Stalking Run Amok by Yoon Seo Kim
I was too young to realize what was going on, but I still remember the visit to the emergency room as my mom woke me in the middle of the night. My dad was on a business trip to Singapore so my mom had no choice but to take me with her to the hospital as I could’ve awoken while she was gone. The memory is still sheared in my mind as my maternal aunt was beaten so badly that her facial bruises nearly shut her eyes. Some of her hair was ripped out and I could see her bloody scalp. My mom was crying so profusely at seeing her little sister in this condition that she forgot to shield me from the scene.
My aunt was a victim of a vicious stalking incident in 2013 that I didn't understand until many years later. The stalker was a former co-worker who used to call her incessantly, show up at places where she would be, and finally, when she refused his advances, nearly beat her to death. The most despairing part of the whole incident was that my aunt refused to reveal the stalker’s identity to the police as he had threatened to kill her entire family. My aunt eventually fled South Korea in the middle of the night and moved to a state on America's east coast to escape the stalker’s wrath.

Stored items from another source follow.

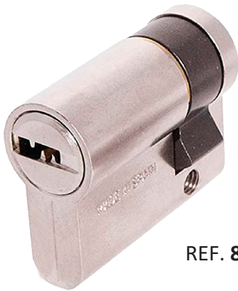
REF. 81251 Llave Puntos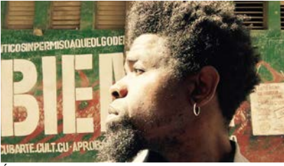
Átelier Jean-Marcel St. Jacques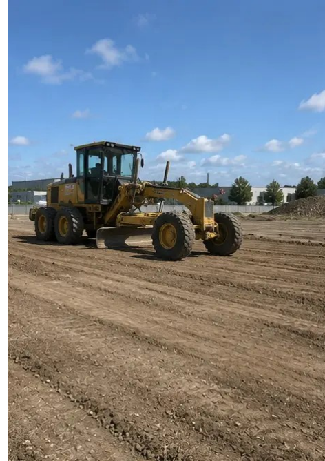
Foto nr.3. Rydning og planering af terræn afsluttet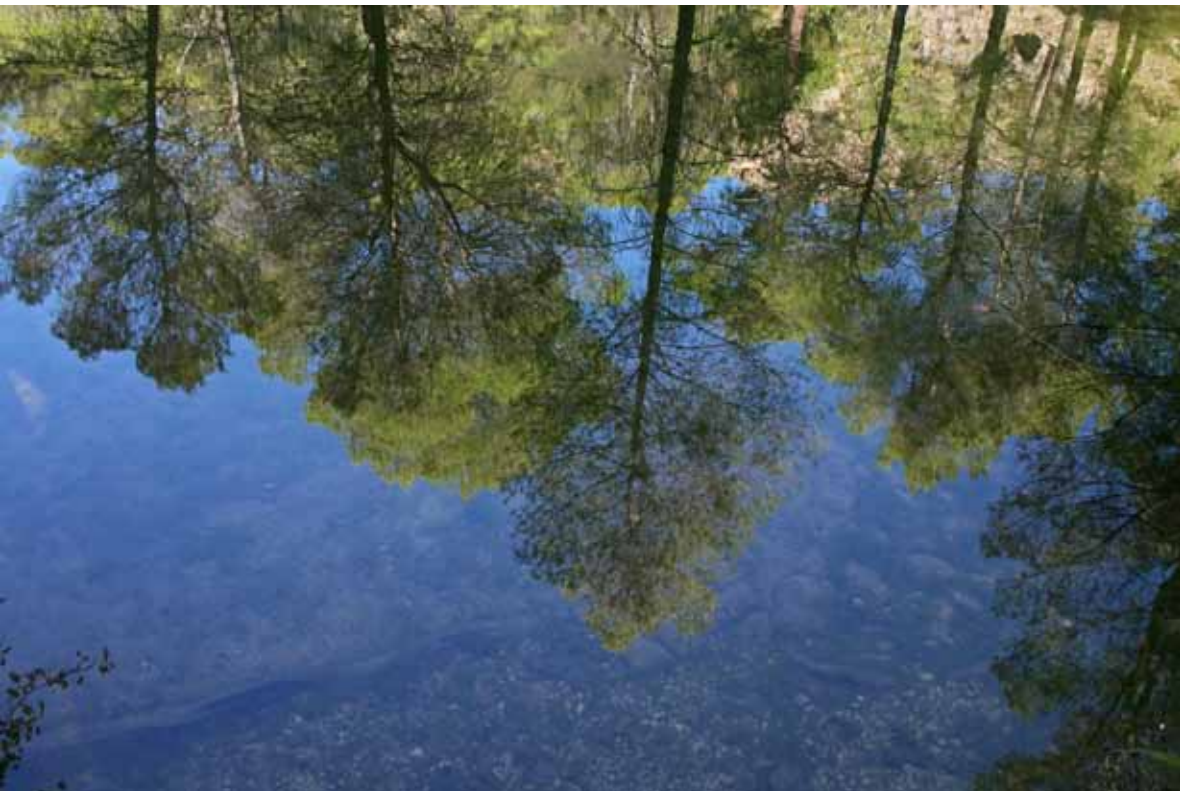
Zona natural de baño en el Área Recreativa Peña del Olivar

Un kilómetro más debajo de la fuente de El Noguerón finalizamos la etapa en el Área Recreativa Peña del Olivar, un lugar muy popular para los vecinos de Siles. Se sitúa a ambos lados del Arroyo de Los Molinos y dispone de fuente, bar, terraza, mesas, parque infantil y, en verano, una magnífica zona natural de baño, de aguas frías y limpias. Hay también un pequeño parque con una colección botánica en la que se pueden ver muchas de las especies más representativas de la flora del parque natural.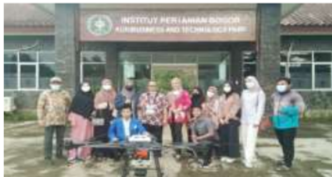
Kunjungan ke Kampus IPB University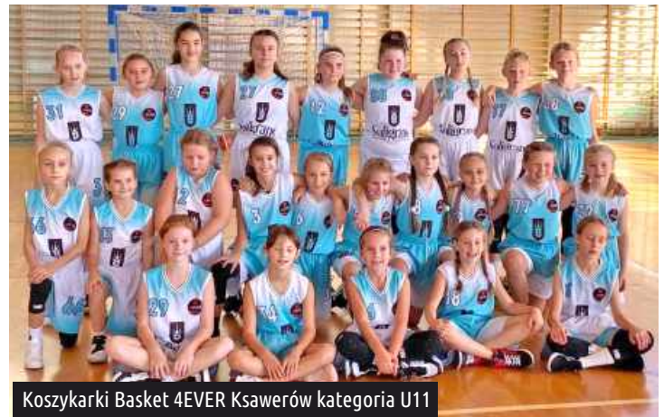
Koszykarki Basket 4EVER Ksawerów kategoria U11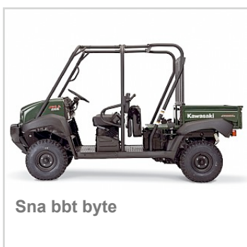
Sna bbt byte

* Rekommenderat cirkpris inklusive 25 procents moms. Priserna kan ändras utan avisering.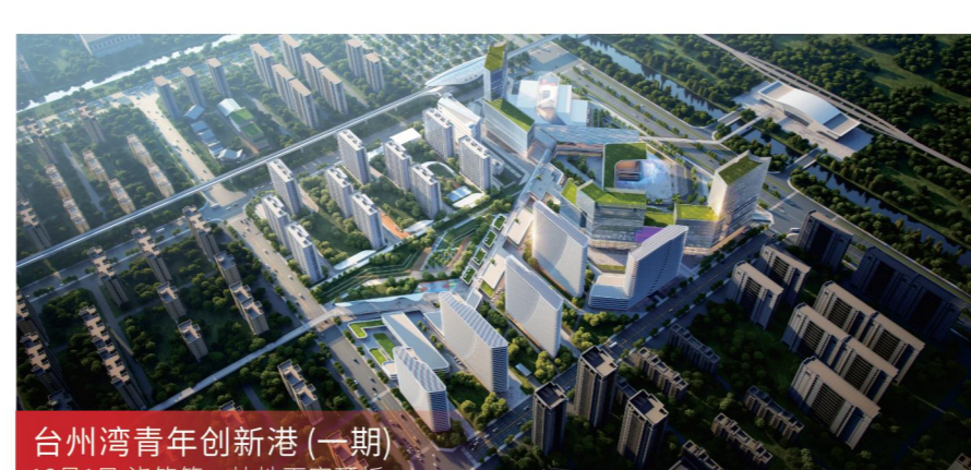
台州湾青年创新港(一期) 12月1日 浇筑第一块地下室顶板

服务模式 工程监理 项目规模 总建筑面积约18.6万平方米, 总投资约13.7亿元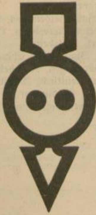
2 Gesperrt nur für Kraftwagen. Frei für Motorräder.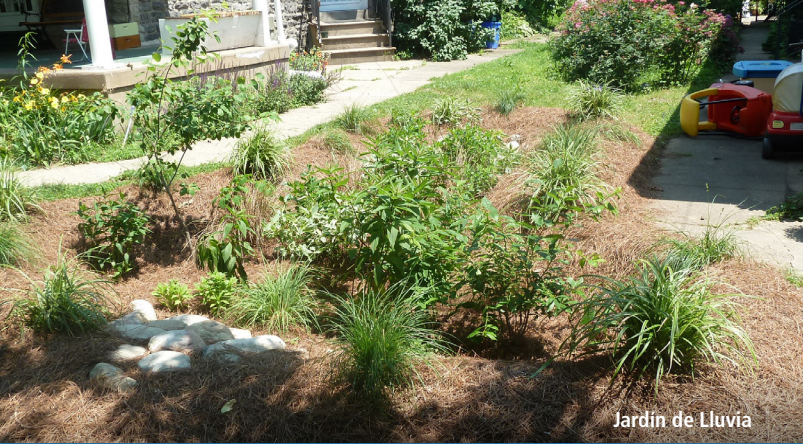
Jardín de Lluvia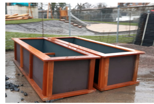
Hochbeete Bangkirai und Siebdruckplatten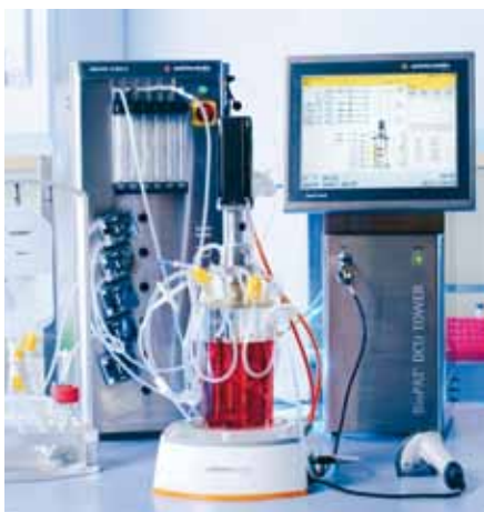
Abb. 2: Der Univessel SU ist ein neuer Einweg-Rührbioreaktor, der speziell für die Prozessentwicklung konzipiert wurde.

Der Univessel SU kann bereits heute flexibel an bestehende Bioreaktor-Kontrolleinheiten angeschlossen werden. Weitere Kulturgefäßkomponenten wie ein Abluftkühler, andere Rührergeometrien, etc. sind in der Entwicklung, die künftig auch mikrobielle hochzelldichte Kultivierungen mit instrumentierten Einwegkulturgefäßen erlauben. Darüber hinaus wird die Produktfamilie Univessel SU durch weitere Gefäßgrößen ergänzt. ●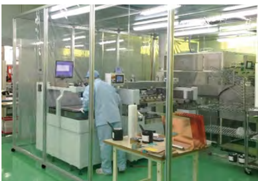
基板のレジスト工程の様子(板の色付作業)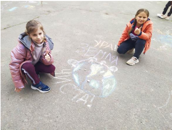
Малюнок на асфальті до дня Землі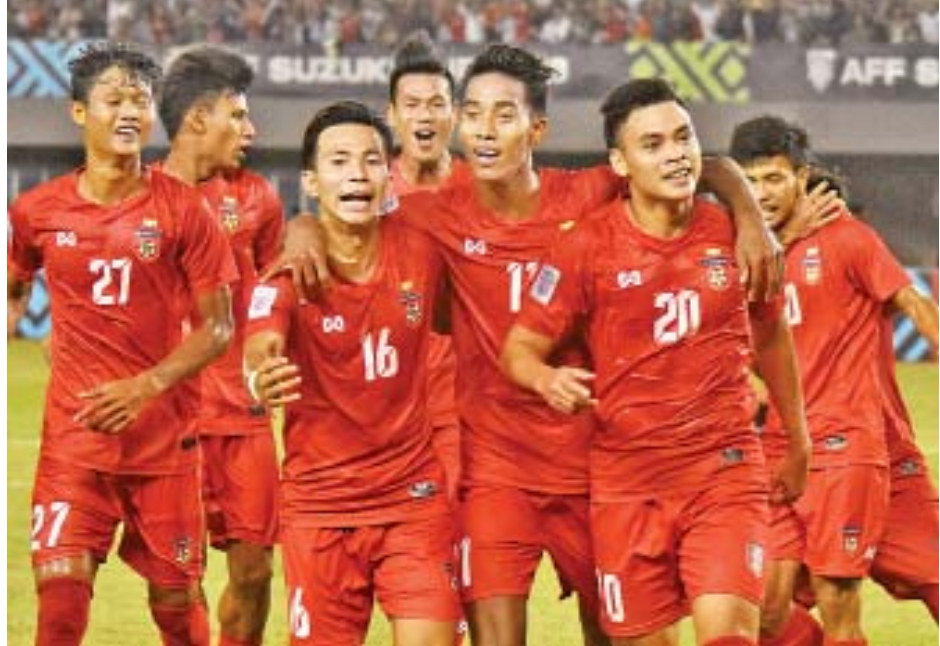
၂၀၁၈ အာဆီယံဆူပူကီးဖလားပြိုင်ပွဲ ယှဉ်ပြိုင်ခဲ့သည့် မြန်မာ့လက်ရွေးစင်အသင်း။

မြန်မာ့လက်ရွေးစင်အသင်းသည် ကမ္ဘာ့ဘောလုံးအဖွဲ့ချုပ်(ဖီဖာ)မှ သတ်မှတ်ထားသည့် နိုင်ငံတကာရက်သတ္တပတ်တွင် တရုတ်တိုင်ပေး အင်ဒိုနီးရှားလက်ရွေးစင်အသင်းတို့နှင့် ခြေစမ်းပွဲယှဉ်ပြိုင်ကစားမည်ဖြစ်သည်။ မြန်မာ့လက်ရွေးစင်အသင်းသည် ခြေစမ်းပွဲများအဖြစ် မတ် ၁၉ ရက်တွင် တရုတ်တိုင်ပေးအသင်း၊ မတ် ၂၅ ရက်တွင် အင်ဒိုနီးရှားအသင်းနှင့် ယှဉ်ပြိုင်ကစားမည်ဖြစ်သည်။

I purposely leave out the name of the state as a precaution as just thinking about that time gives me chills.
Those memories came flooding back last year when there were multiple reports of violent stalking incidents on the news. In March of last year, a stalker had pursued his female victim after meeting her through an online game and would show up unannounced at her home. After the victim refused his advances, the stalker fatally stabbed the three female members of her family as “Disguised as a delivery worker, Kim induced his first victim, the younger daughter, to open the front door, upon which he stabbed her in the neck. He then waited in the apartment and killed the mother and elder daughter as they returned home” (Lee).
This grisly stalking murder led to South Korea’s first anti-stalking law being introduced in October as stalkers had previously been charged with a only misdeameanor and fined just 100,000 won ($81). Unfortunately, South Korea had very lax laws on stalking as “More than 4,500 stalking cases were reported to police across the country last year, but offenders were punished by law in only 1 in 10 cases” (Yonhap News Agency). As a result of the anti-stalking legislation, “stalkers can face up to three years in prison or a 30 million-won fine. The punishment could be raised to a maximum of five-year imprisonment or a fine of 50 million won when a weapon or other dangerous object is used” (Yonhap News Agency).

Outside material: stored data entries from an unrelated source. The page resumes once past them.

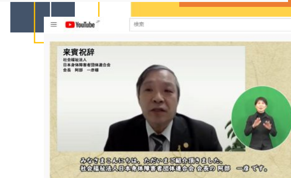
第41 回日本身体障害者団体連合会近畿ブロック福祉大会・第23 回近畿ブロック身体障害者相談員研修会(兵庫県大会)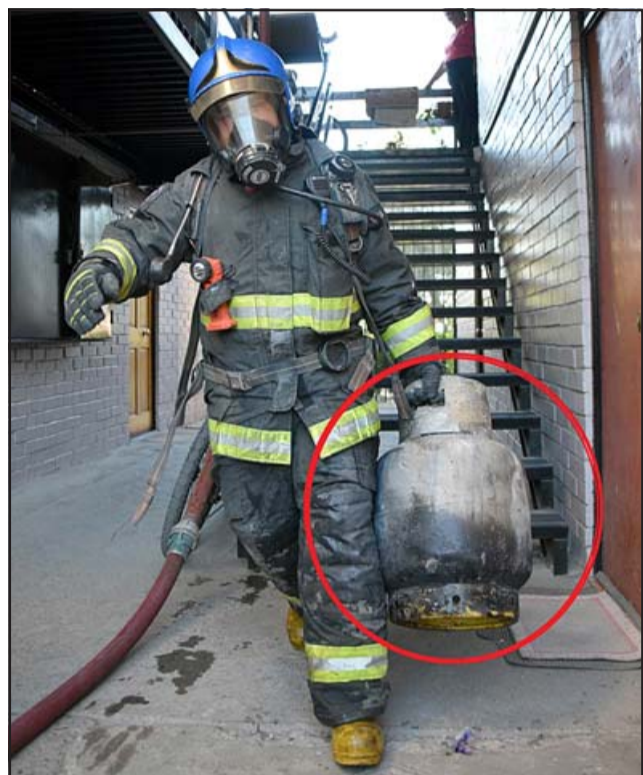
JUSTO A TIEMPO.- Las cámaras de Diario El Trabajo captan los instantes cuando estos bomberos retiran del inmueble los cilindros de gas, visiblemente afectados por el fuego.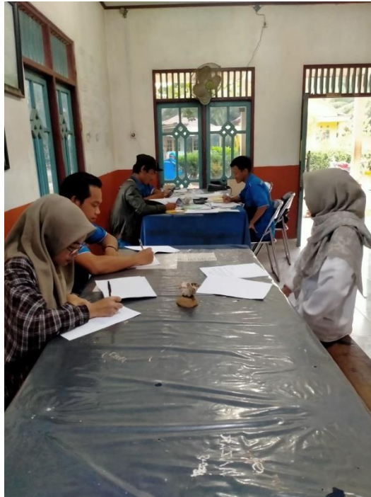
Gambar 3. Pembagian Kuesioner Kepada Responden Penelitian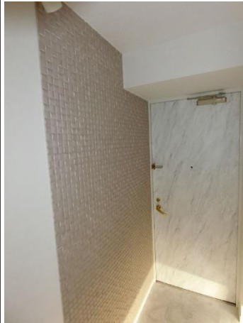
↑玄関(エコカラット)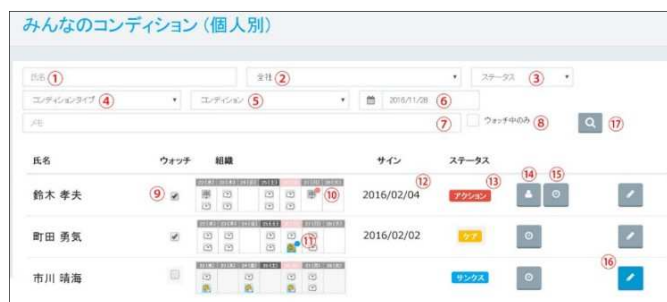
②「みんなのコンディション」画面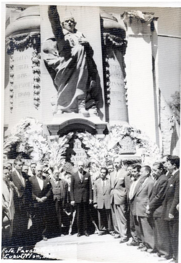
Foto 1. Guardia de honor frente al Monumento a Morelos 1955-1957.

Las manifestaciones patrióticas o actos cívicos verificados en San Cristóbal Ecatepec de Morelos a lo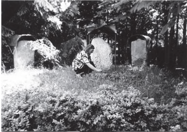
Рис. 7. Реконструкція святилища доби бронзи з с. Степове Миколаївської обл. Розкопки І.М. Шарафутдинові. На передньому плані археолог-музеезнавець Г.М. Бузян. ПХМНП

печити збереження відкритих пам'яток у тому вигляді, у якому вони дійшли до нашого часу або були розкопані археологами, а також схоронність історично пов'язаної з ними території. Останнє зумовлює визначення зон охорони пам'яток археології.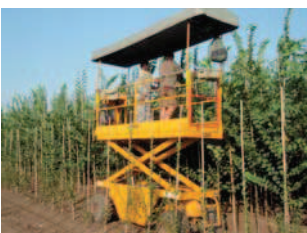
Vyvazování terminálů ve Smržicích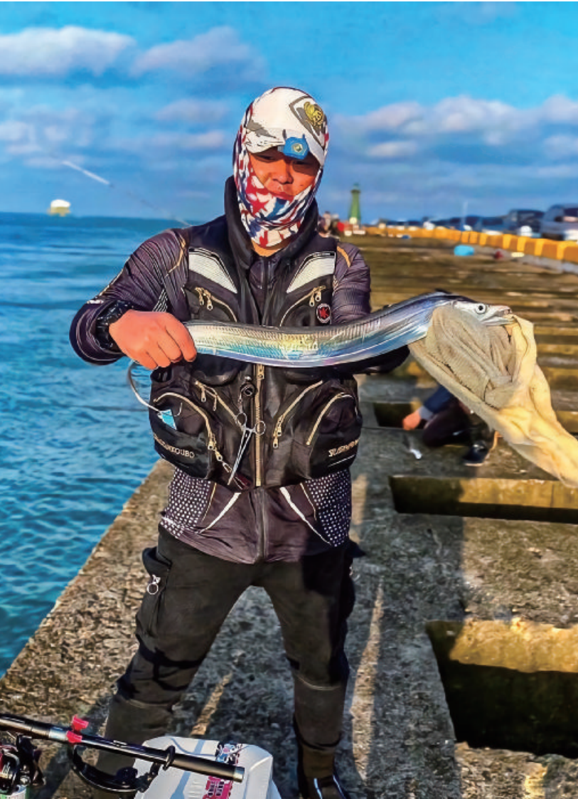
台中港附近的魚種豐富，被許多釣友譽為「釣魚天堂」。

Dishearteningly, this new law did not deter another stalker from killing a woman who was under police protection less than one month after the new anti-stalking law came into effect. Apparently, “A man in his 30s was arrested for killing his ex-girlfriend with a knife at her studio apartment … The murder sparked public fury, as it was known that the victim was under police protection after suffering from several months of dating violence, threats and stalking by the suspect” (The Korea Times). The following month in December, a stalker “killed his former girlfriend's mother and seriously injured her younger brother at their home” (The Korea Herald) even though the woman who was stalked was also under police protection.
Females are being killed by their stalkers even when they are under police protection which is why stalking is the biggest challenge facing women and girls in Korea today. The government and law enforcement have proven to be incompetent in protecting female stalking victims. Laws they make and the protection they provide are useless. In an shockingly audacious statement made by the the chief of the National Police Agency after the two latest murders, the chief all but admitted defeat against stalkers by stating that “that police currently lack manpower, funds and legal grounds to properly run the protection system for stalking victims” (The Korea Herald). If the police are giving up, what option do female stalking victims have but to flee the country like my aunt? Until this societal challenge is overcome, no woman or girl in the country is safe.